Voila, the meal is ready; the show can go on.
La Caravelle, which in the 1960s was the favored spot of the Kennedy clan, suffered a slump in the early 1980s but is again at the forefront of French restaurants in the hotly competitive New York City market, where 20 major league French restaurants vie for the $100 bills of the world's richest diners.
Romano, who has been the chef at La Caravelle since 1984, is given the credit for its resurgence.
Remarkably, Romano is an Italian from East Harlem, a 35-year-old precisionist who lives the American dream; a man who grew up watching his grandmother make pasta; a man who worked his way from a waiter to the level where he competes with the finest French chefs in the world.
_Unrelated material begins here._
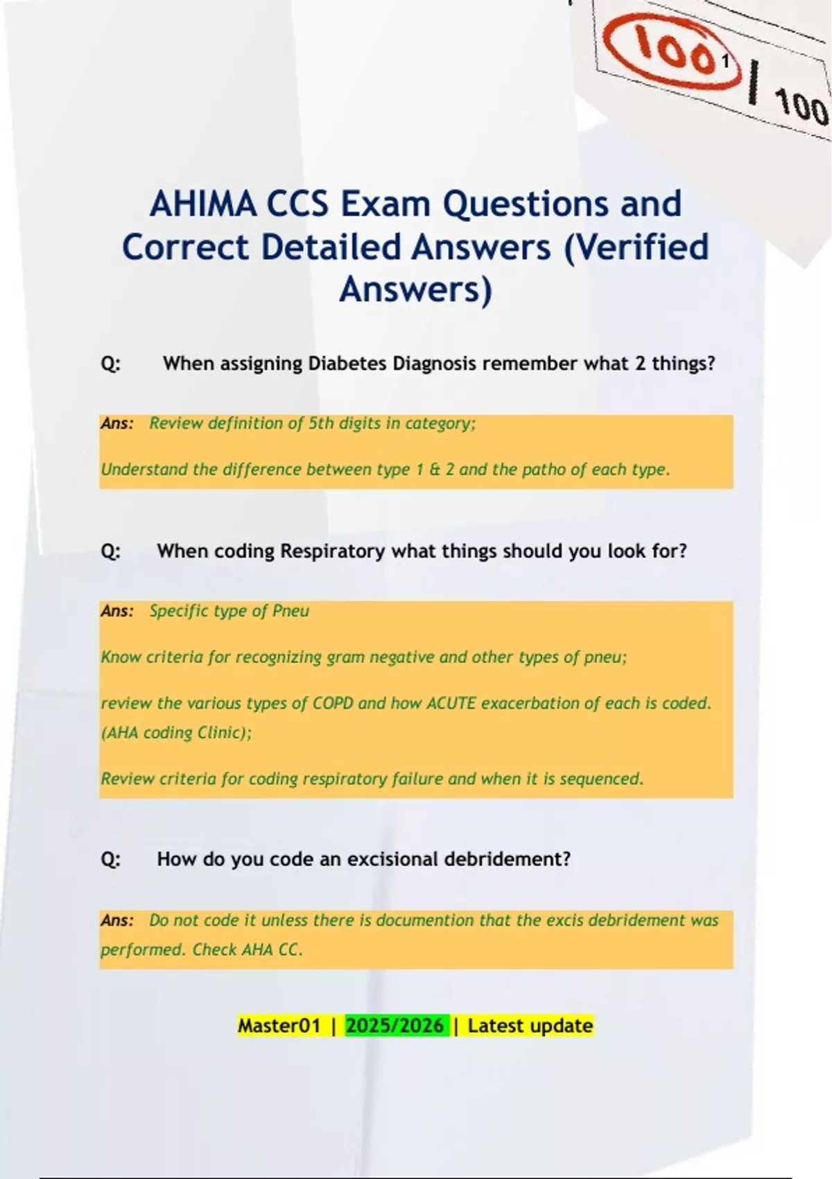 AHIMA CCS Exam Questions and

'Food was a major part of my childhood,' he said, sitting smartly, his delicate hands carefully folded.
'I loved to watch my grandmother, my mother, my aunts preparing dinner. We had a large extended family and food was always a great source of pleasure for all of us.'
He was attending Fordham University in the Bronx when the urge to stop studying and start cooking hit him. He decided to ask cookbook mogul James Beard how to undertake a career in cooking.
'Beard told me how to go about it and I enrolled in New York Technical School in Brooklyn.' Romano graduated at the top of his class and in 1974 found a job at the Bristol Hotel, a grand hotel of Paris, where he met current La Caravelle co-owner Andre Jammet.
Jammet was born in Room 732 of the hotel and carries the classic French cooking tradition in his soul, a tradition that can be tasted in each morsel served at La Caravelle.
Romano was an outsider in Paris, however. He understood how to make French food by the book. But the book is different than the kitchen.
'I spent a lot of time in Paris not understanding and a lot of time learning. It was a case of sink or swim.'
Swim he did.
In the next decade, Romano worked for Michael Guerard at Regine's in Paris, then at the Chateau de Bonmont in Nyon, Switzerland, and at Chez Max in Zurich, a restaurant considered by many food critics among the best in Europe.
'I found I had a great affinity for the quality of life in Switzerland,' he said, a statement that dovetails easily with the Swiss love of precision and Romano's clipped manner and love of detail.
By 1984, that attention to detail was on display at La Caravelle, where Jammet had hired Romano after joining Roger Fessaguet as owner of the restaurant.
Gradually, with the care of a loving father, Romano has reshaped La Caravelle's menu.
'French cooking is a precise art,' he said. 'It is a tradition that represents hundreds of years of trial and error. Many of the foods themselves have been invented. Mayonnaise, for example, was invented.
'The techniques are handed down. Each vegetable must be sliced properly. If you cut tarragon with the same stroke as parsley, you get black tarragon.
'It is similar to ballet. You must learn the steps before you can dance. Or music, you must know the notes before you can compose.'
In the La Caravelle kitchen, which hasn't changed much since the restaurant first opened as Robert's a half-century ago, Romano composes and conducts.
His sauces are lighter than other French restaurants, his plates arranged more artfully, his tomatoes diced so small they seem to puree inside the mouth with a burst of flavor.
'The satisfaction of cooking is giving people pleasure. I have a love of fine things, good suits, excellent music, well-prepared food,' he said.
And in the dining room the pleasure is obvious in the faces of the customers, who can taste Romano's art in every bite of salmon and lobster appetizer, every morsel of Louisiana shrimp salad, every spoonful of duck consomme, every mouthful of partridge and in every forkful of carmelized pears.
La Caravelle is at 33 W. 55th St. The fixed price for dinner is $51 per person; with wine, dinner for two averages about $160.